You can also make shea whips with your herbal oils:
2 cups shea butter, whipped in kitchen aid or by hand until light and fluffy
1-2 oz. herbal oil, whipped together with shea
20-40 drops of essential oils of your choice
Mix all together well for a nourishing skin treat.
OR….add some sugar and mix in by hand for a moisturizing sugar scrub. Possible additions are vitamin e, essential oils, charcoal powder, matcha, vitamin c, and honey. Play with these and see what you love. As long as you are not adding food ingredients (such as pumpkin) or high moisture content plants, these should remain shelf stable for at least a year.

Herbal Honeys
Ahhh…honey. What is not to love? Our wonderful bee friends provide a nectar that is not only delicious, but tonifying to the blood, moisturizing to the skin, a lovely digestive tonic, and can help treat burns and infections. Many folks love to make aromatic and medicinal honeys to add to teas or pour over yogurt, onto baked treats, or just to enjoy by the spoonful. You can also turn a tincture into an elixir by adding an herb honey. Here are a couple that I like to keep on hand:

Cardamom Orange Honey
4oz. Honey (local and raw is best)
1 tsp. Cardamom powder
2-4 drops organic orange essential oil
Mix together well and place in a beautiful jar to gift. So easy, so delicious! I do want to mention that normally I do not recommend using essential oils internally. In this case, the amount is very small and orange is often used in moderation in the food industry and has been proven safe. Peppermint is another that can be used this way. Diluted in super small amounts only.

Ginger Honey
Peel and slice a 3 inch chunk of fresh ginger root and add to 4 oz. honey. Let this sit for a week and strain out ginger chunks (throw into stir fry or soup, or brew as tea instead of tossing it). The honey will be delicately spiced with the ginger and is lovely to add to teas, baked goods, yogurt, or oatmeal.

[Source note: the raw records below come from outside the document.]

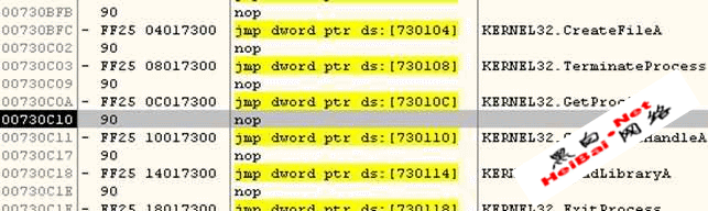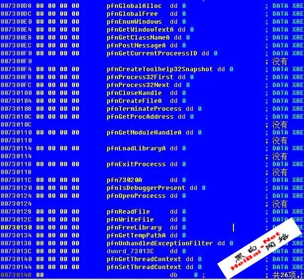 注意函数名及指针与7339A9附近的代码并不完全对应。有的函数名或指针在别处。
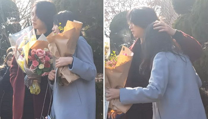 김소혜가 졸업식 인증샷을 남기는데 한창일 때 선배 가수 김희철이 졸업식 현장에 나타났다.
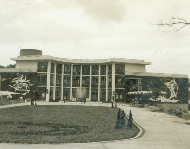 值得一提的是三面大的浮雕設計與製作。這是出諸自由中國名青年雕塑家楊英風先生之手。他把兩壁的浮雕,以日月為主題。在「日」的一面中,以體魄健旺,精神奕奕的男子象徵太陽,也象徵陽剛的大地之子,他高舉的雙手隱沒在雲端,他兩手的上方,有一個圓形的環,代表行星的軌道,其上有一顆圓球,是行星也是原子。大地之子的腳下和身旁有許多強有力的線條,暗示著他的思維,他的能力,關係宇宙,足以控馭萬有。這一面整個的線劃連接,宛如一條從大海躍起的巨鰲。
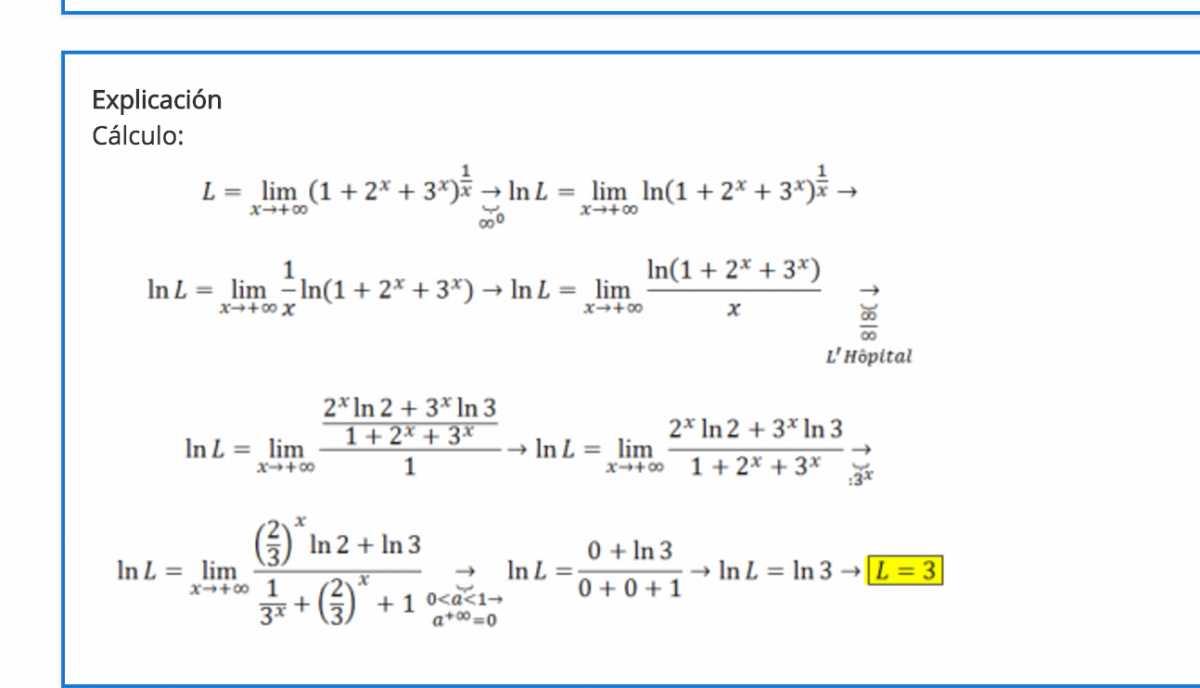 ln(L) = Lim(x→+∞) x*ln(2/3), resuelves (observa que ln(2/3) ≅ - 0,4055 < 0) y queda:
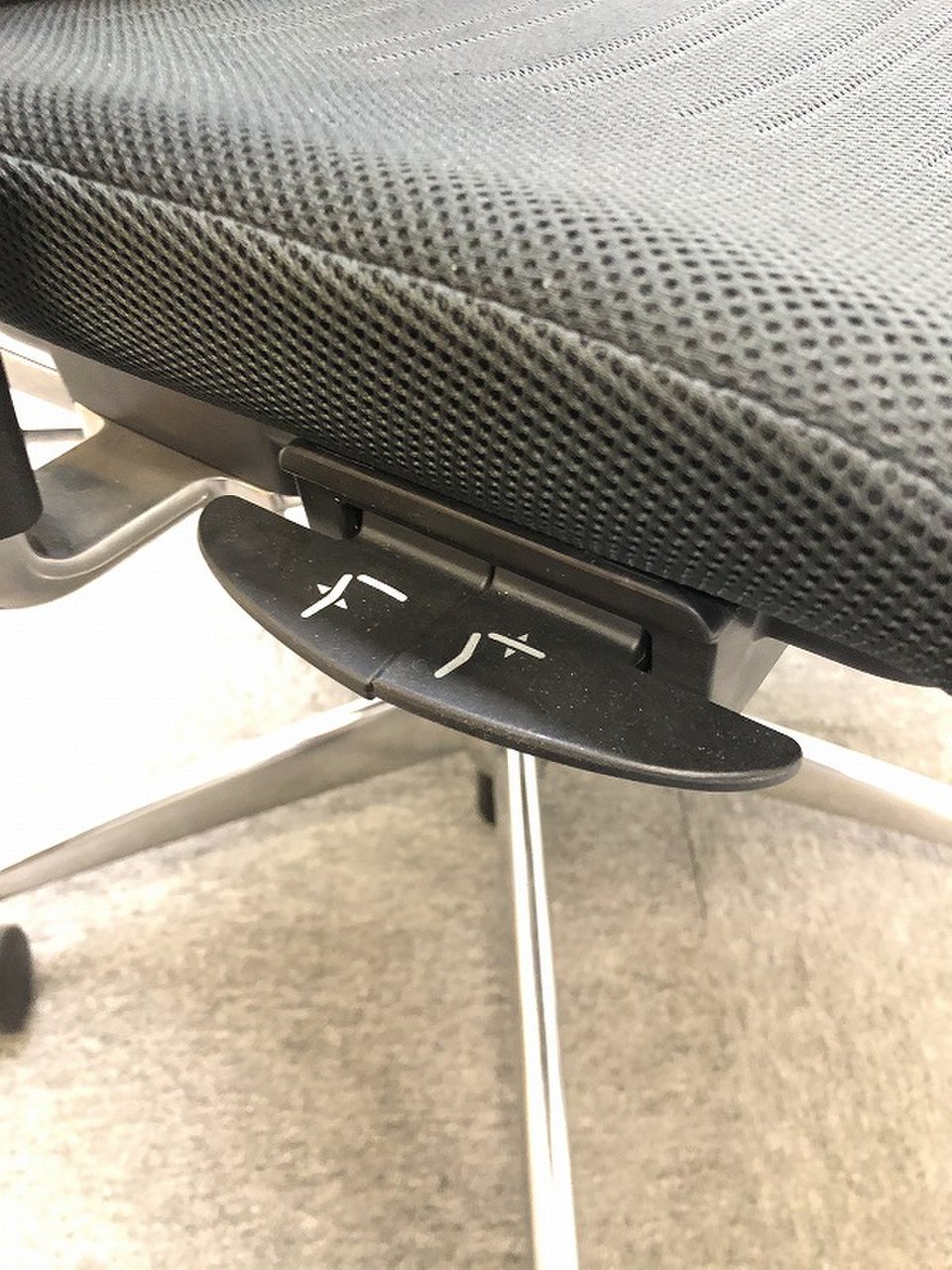 - 座る人の体格に合わせて、シート奥行きは前後54mm、高さ100mmの調整が可能です。また、調整レバーを座面シートの側面に設けることで、座ったままの姿勢で操作することができます。
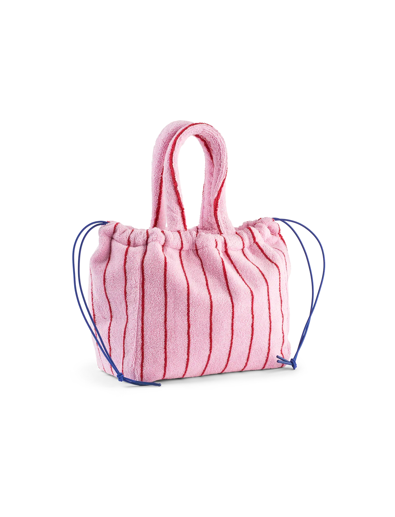 De Naram Handbag heeft een kort handvat en een open, gerimpelde bovenzijde met gekleurde elastische trekkoorden, zodat de tas moeiteloos kan worden gesloten door simpelweg aan de koorden te trekken – dit zorgt voor een charmant gerimpeld sluitingseffect. De elastische koorden zijn in een betoverende tint blauw.

I hope this gives you a few ideas for lovely treats to make for your holiday gifting. Please share with me any wonderful herbal treats that you love to share. Over the years I have made cordials, herbal dog and cat treats, flower essence blends, aromatherapy sprays, and herbal teas. Most everyone I know loves getting some healing herbal goodness for a gift and the sharing of handmade herbal goodness is a tradition I hope to always create.

Happy Holidays to you and your families. Made they be filled with love and peace, no matter how you celebrate.